= Norman Bethune Sanson =

Norman Bethune Sanson (1862–1949) was the curator of the Banff Park Museum in Banff, Alberta from 1896 to 1932. Sanson traveled extensively through Banff, Yoho and Kootenay National Parks to collect specimens for the museum, and continued to volunteer for the museum for fifteen years after his retirement.

Sanson was born in Toronto in 1862, the son of a clergyman. He traveled to the Canadian West with the Queen's Own Rifles, who were involved in the suppression of the North-West Rebellion of 1885. Finding employment as a bookkeeper at the Mount Brett sanatorium he became acquainted with a Mr. McLeod who was curator of the museum and the park meteorologist. Sanson took over McLeod's work on McLeod's death in 1896. In addition to his work at the Park Museum, he was a zookeeper at the Banff Zoo, established in 1905 on the grounds behind the Museum.

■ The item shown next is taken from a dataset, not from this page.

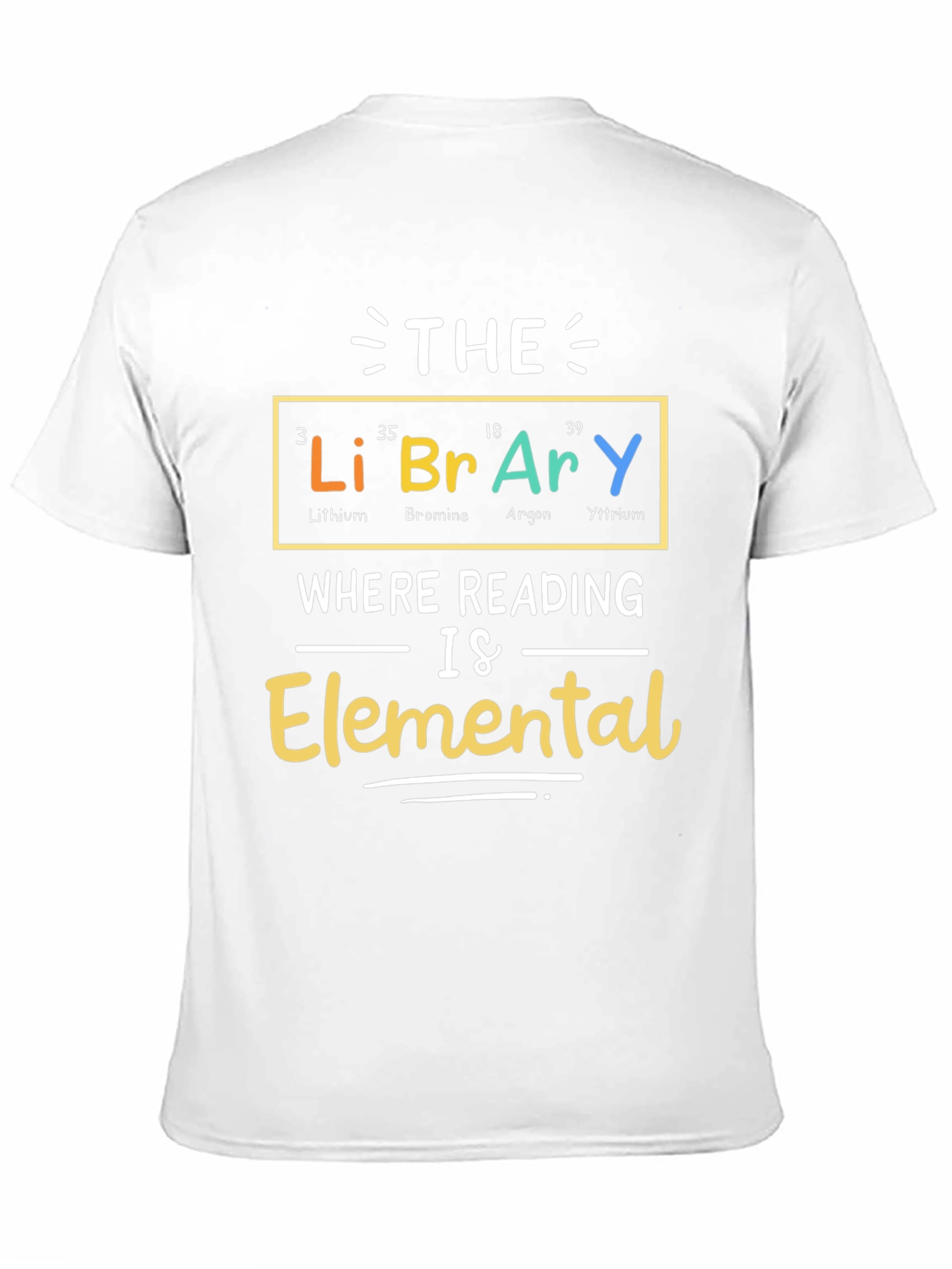 This black T-shirt features a colorful and playful design. It showcases the word "THE" above the word "LIBRARY", with the letters represented by elements from the periodic table: Lithium (Li), Bromine (Br), Argon (Ar), and Yttrium (Y). Below that, the phrase "WHERE READING IS Elemental" is written in a clear, stylish font. This shirt is perfect for librarians, book lovers, science enthusiasts, or anyone who appreciates a clever and unique design. The vibrant colors and educational theme make it a great conversation starter, and the classic cut ensures a comfortable fit. Wear it to the library, book club meetings, school, or casual outings to express your love of reading and science.

In 1931 Sanson accompanied the King and Queen of Siam to the top of Sulphur Mountain. He accompanied King George VI to the top of Tunnel Mountain in 1939. Sanson remained active in the Banff community after his retirement, organizing snowshoeing expeditions and traveling extensively in North America and Europe, hiking in Britain and Europe.

Sanson was in charge of the weather station on Sanson Peak, built there at his suggestion in 1903. The peak was named in his honor in 1948. Sanson made more than 1000 trips to the peak in his capacity as park meteorologist until 1945, when he was 84 years old. Sanson's reports were published in the Banff newspaper under the pseudonym "Seer Altitudinous."

Sanson was a member of the Alpine Club of Canada and was the first president of the Skyline Hikers of the Canadian Rockies. He was active with St. George's Anglican Church in Banff and supported the Canadian Bible Society.